到着して早々、広いフロアー内の傭兵達から一斉にガン見されてしまう。
お昼時と言う事もあり、傭兵ギルドの1階フロアーは食事をしに来た傭兵や冒険者で一杯だったからだ。
またこの場所に似つかわしくない様相のプリームスが入ってくれば、注目されるのは当たり前だと言えよう。
「おい、あれボレアースの聖女じゃ・・・」
「噂じゃ国王の賓客扱いらしいぞ」
「今日は護衛が一人なんだな・・・てか、どっちも良い身体してやがる」
傭兵や冒険者達が口々に騒めき始めていた。
どうやらこの間、傭兵ギルドに来た時の騒ぎで有名になってしまったらしい。
注目されるのはその所為であった。
フィエルテが少し心配した様子で囁きかけて来た。
「プリームス様、このような無頼漢のたまり場で食事をされるのですか? 品の無いような事を言う輩も居ますし、ご機嫌を損なわれるのでは?」
プリームスは特に気にした様子も無くニヤっと笑う。
「気にならんし、慣れておるよ。
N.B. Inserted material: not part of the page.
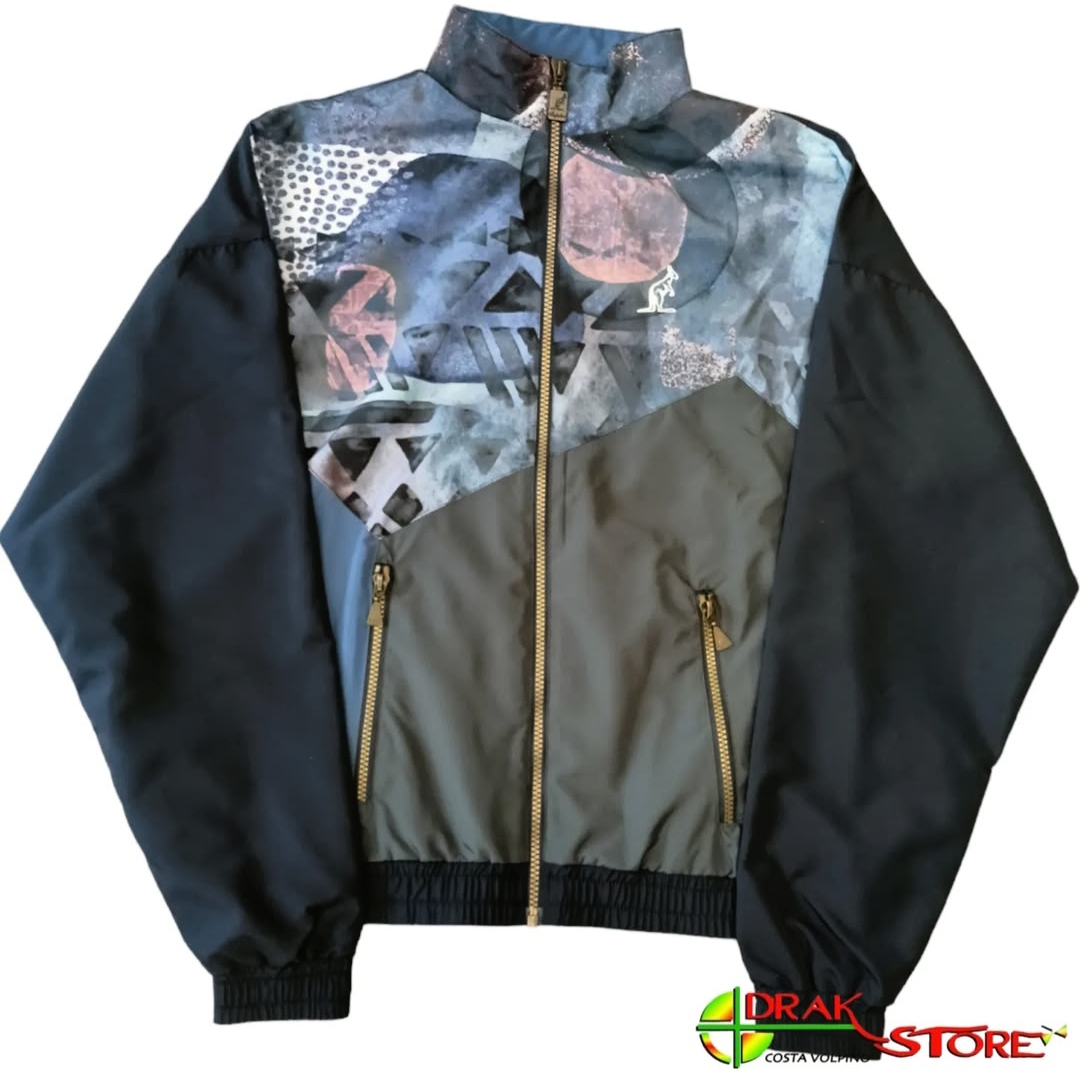 Giacca Australian ideale per gabber, a fantasia blu/bianca/marroni chiari spezzata con inserti grigio/azzurro/blu, in tessuto tecnico super leggero foderato in rete (che la rende più leggera), logo “canguro” bianco ricamato sul cuore, zip frontale e alle tasche, elastico sul fondo e ai polsi. Composizione 100% poliestere.

昔はこんな奴らばかりを相手せねばならんかったしな」
主がそう言うなら仕方ない。
気が気で無いが、フィエルテは従わざるを得ず相槌を打つだけだ。
「左様で・・・」
プリームスはそのまま受付まで行くと、受付嬢へニッコリ微笑んで告げた。
「ギルドマスターは居るかね? 居るなら、フロアーで食事をしているゆえ顔を出せと伝えて欲しい」
名前も告げずに用件だけ言うプリームス。
本来なら有り得ないが、受付嬢は畏まった様子で答えた。
「は、はい!、ボレアースの聖女様。マスターは執務中ですので直ぐとはいきませんが、出来るだけ早く来れる様に伝えておきます」
完全に”ボレアースの聖女”で覚えられているようである。
話が直ぐに通ったのも、ギルドマスターのメルセナリオが気を利かせてくれたのかもしれない。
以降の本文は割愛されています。